DescriptionPlains Indians: A Fine Saddle, with Accompanying Research Attributing It to the Cheyenne War Chief Two Moons, a Major Figure at Little Bighorn, and One of Fraser's Three Models for the Buffalo Nickel. Two Moons (1842-1917) was present at virtually every significant skirmish or battle between the Cheyenne and U.S. Army forces, and was one of the significant war chiefs of the Cheyenne at Little Bighorn. Although accounts are conflicting, some name him as the man who took Custer's life. Other accounts include him among the prominent Cheyenne who prevented the ritual mutilation of Custer's body after the battle. (Custer may have escaped that fate not because he was held in high regard, but because during the period when his wife was back east for an extended time he took a Cheyenne woman as a mistress. By Cheyenne tradition, this made him one of their own by association, and hence it would have been an unacceptable affront to mutilate his body.) But what is known for certain is that Two Moons was one of the ranking Cheyenne leaders in the battle.

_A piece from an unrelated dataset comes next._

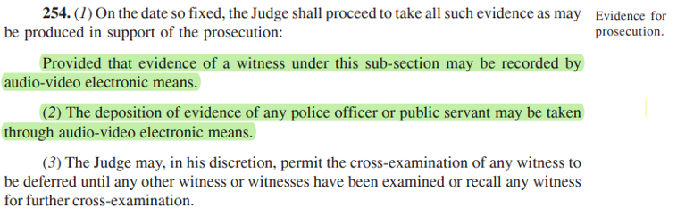 S.254, BNSS: Recording/deposition of evidence by electronic means

He and his band of 300 surrendered to Gen. Nelson Miles in April of 1877. He was subsequently enrolled as a U.S. Army scout, and in that role was involved in the pursuit and capture of Chief Joseph of the Nez Perce. When a Northern Cheyenne reservation was established in 1884, General Miles named Two Moons as its head chief, an appointment later ratified by the Cheyenne Nation. In 1914 he traveled to Washington to meet with President Woodrow Wilson in an attempt to advance the cause of his people.

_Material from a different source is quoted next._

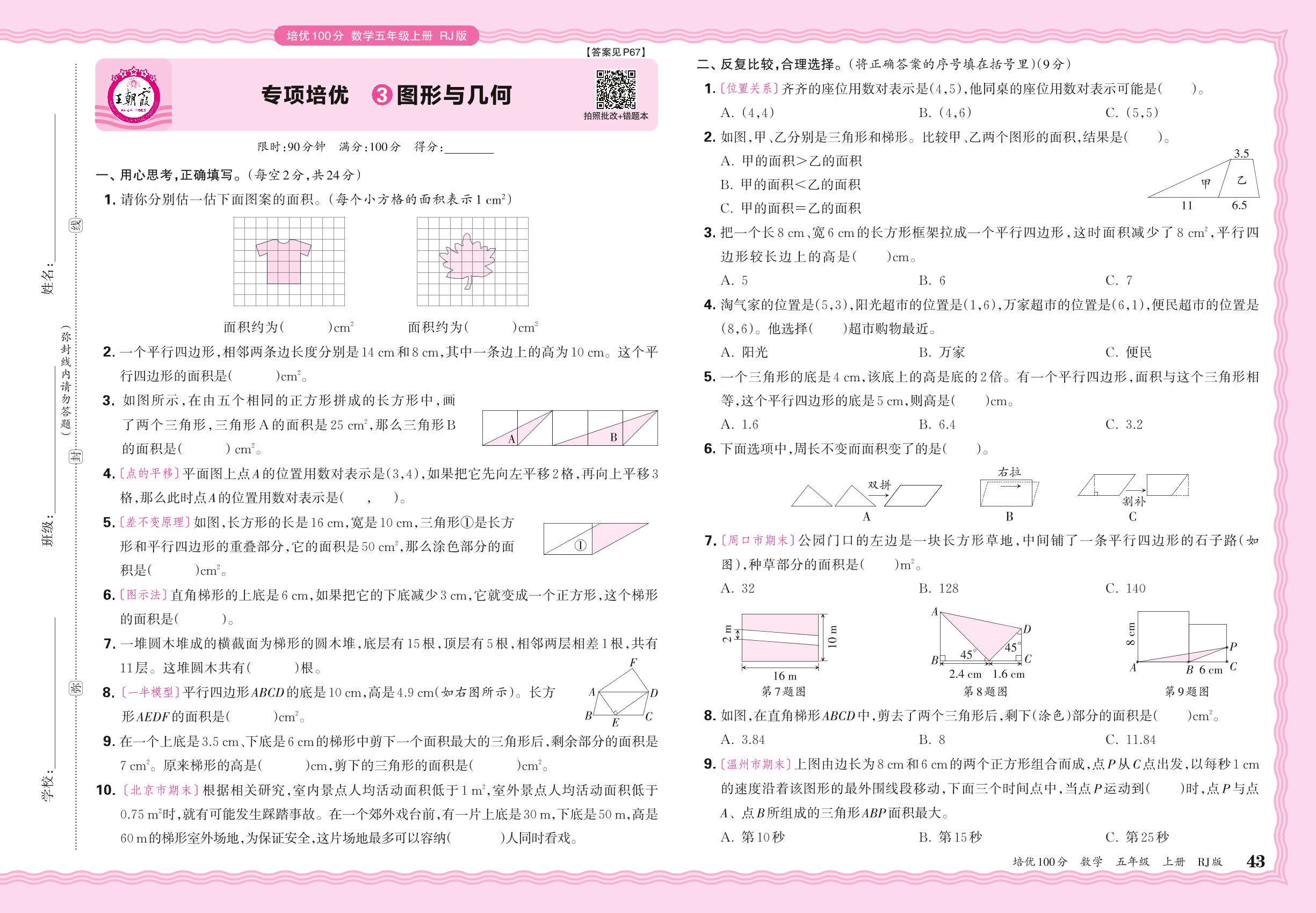 2024秋上册五年级数学人教版 期末专项卷PY版·图形与几何【3】

His saddle is in typical Plains Indian style, constructed of wood overlaid with rawhide. This example is in excellent condition, with extensive original brass tacking. On the seat of the saddle can still be seen the worn remnants of a painted geometric design. Faded, broken pencil writing is still visible on the underside. The writing is challenging to decipher, but on our website we have included numerous photos taken from different angles and under different lighting. Taken together, they show that the pencil inscription reads: "Saddle belonged (?) to CHIEF TWO MOONS, Cheyenne Collected (?) from W. Moncure Trader at Busby, Mont. 1917." Two Moons died in April of 1917, and it is probable that this saddle was among his effects obtained by W. P. Moncure at that time. He is well documented in Montana history as a merchant and trader in Indian artifacts and relics. During a brief period of residency in Butte City, Montana around 1910, Moncure must have struck up a friendship with Two Moons. When the Chief died, he was buried in a solitary grave near Busby, Montana, on land which was purchased by Moncure. He erected a mortared stone monument over Two Moons' grave, and in 1941 deeded this parcel of land and the monument into a Trust for the Northern Cheyenne. A copy of the Winter 1957 issue of Montana magazine ("the magazine of Western history"), including a feature article on Moncure and Two Moons, is a part of an extensive, inch-thick dossier of reference materials on the saddle, Two Moons, Moncure, and related history.